# Data segment
--------
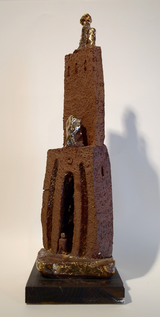 scultura in terracotta dorata
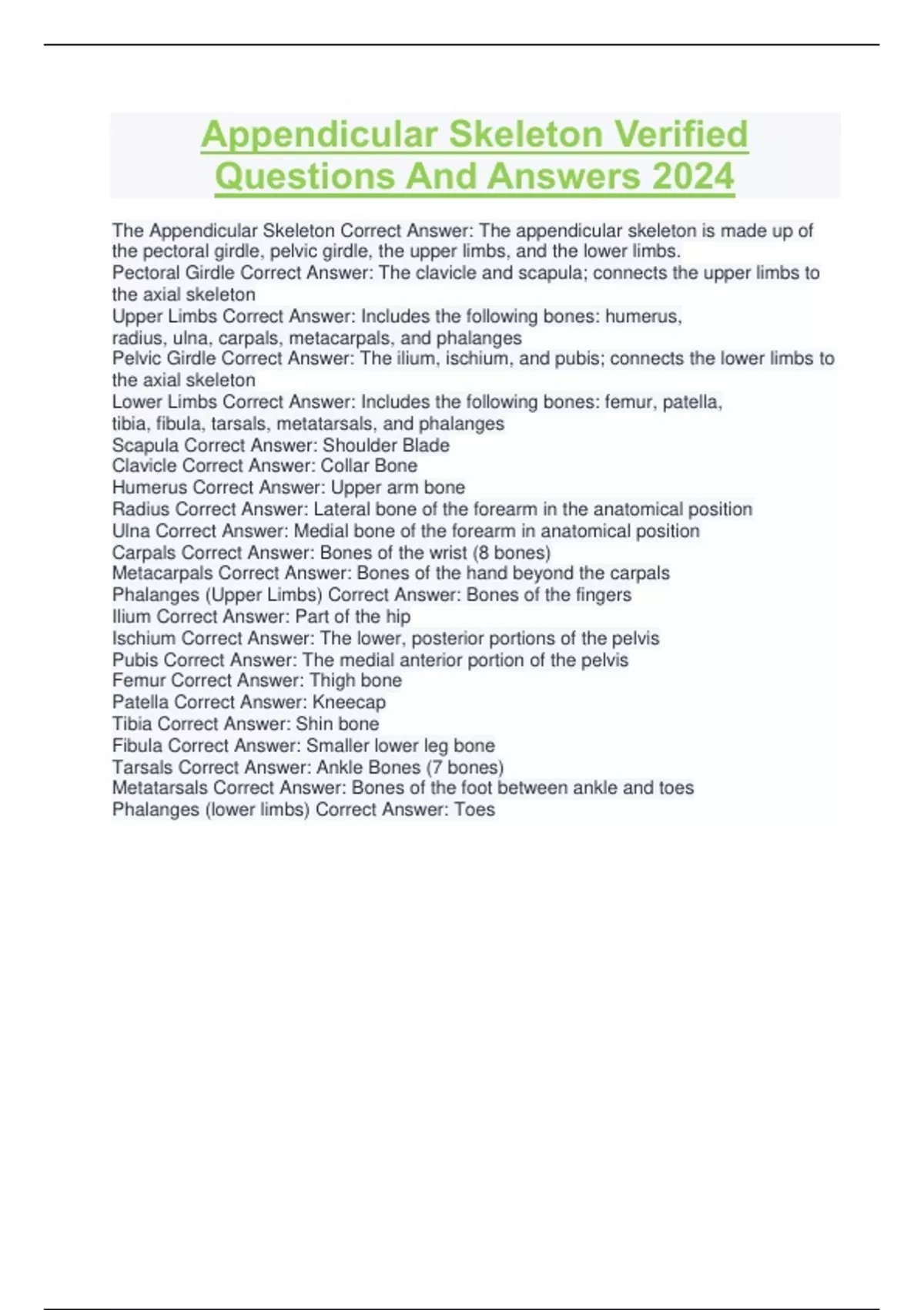 Appendicular Skeleton Verified Questions And Answers 2024 Appendicular Skeleton Verified Questions And Answers 2024
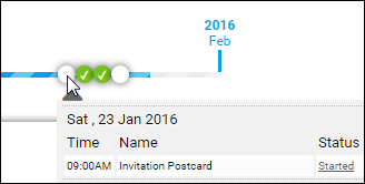 ● As you move over a circle, the start date and status of the activity are displayed. As you move off the circle, the information is hidden again.
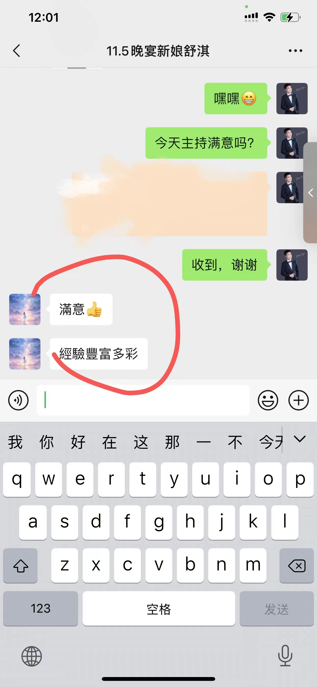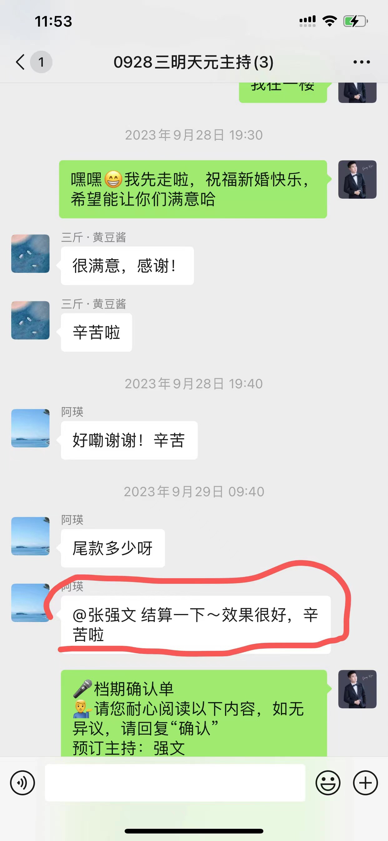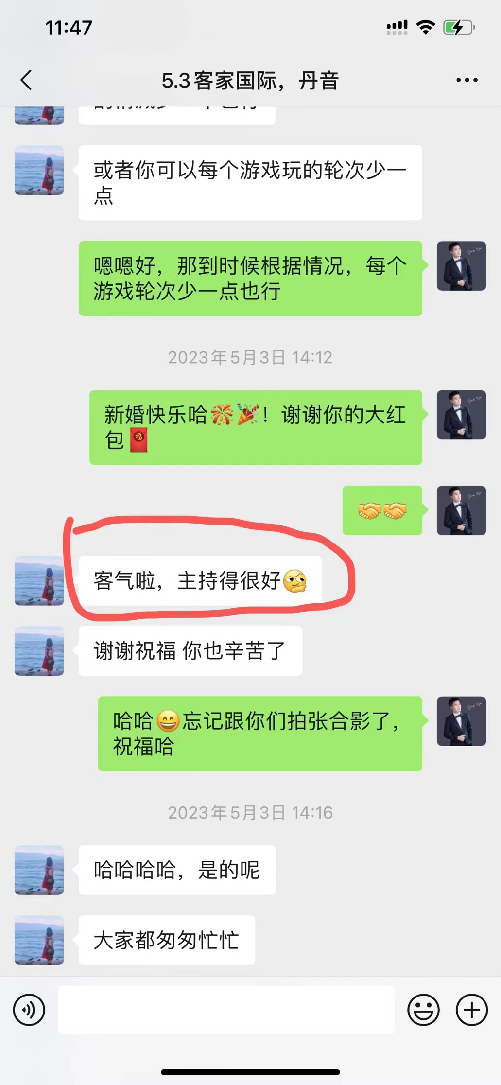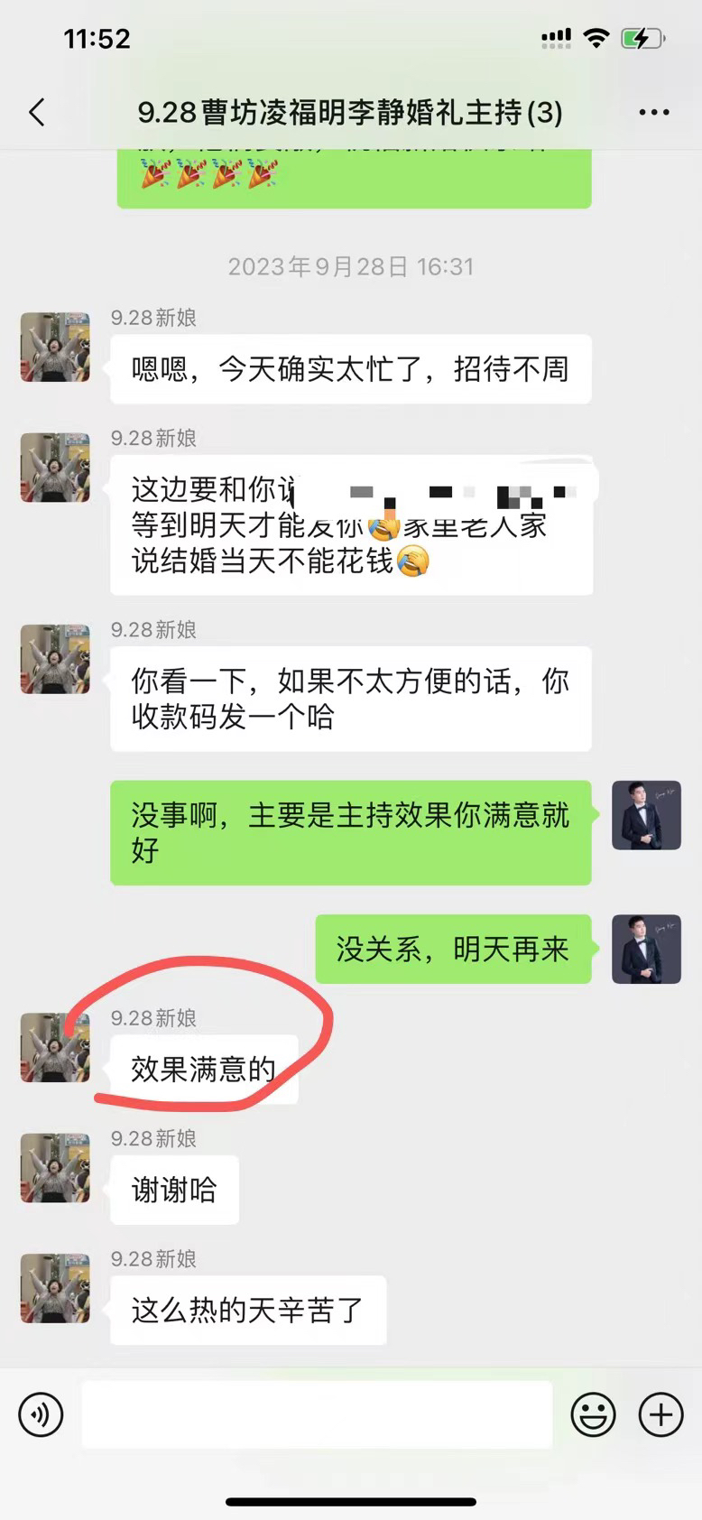 • 在婚礼前就一直密切沟通,主持人真的太给力了,很贴心,很多我没想到的,都能帮我解决了,整个婚礼过程一直跟我说,不要担心有他在,只要我漂漂亮亮的不用担心一切。有这句话真的让我在婚礼上觉得很踏实很感动。
--------
# What the task requires
Quote precisely the lines of the data from the line containing "is hidden again." through its final line, both included, excluding pictures.

# Answer
 ● As you move over a circle, the start date and status of the activity are displayed. As you move off the circle, the information is hidden again.
 • 在婚礼前就一直密切沟通,主持人真的太给力了,很贴心,很多我没想到的,都能帮我解决了,整个婚礼过程一直跟我说,不要担心有他在,只要我漂漂亮亮的不用担心一切。有这句话真的让我在婚礼上觉得很踏实很感动。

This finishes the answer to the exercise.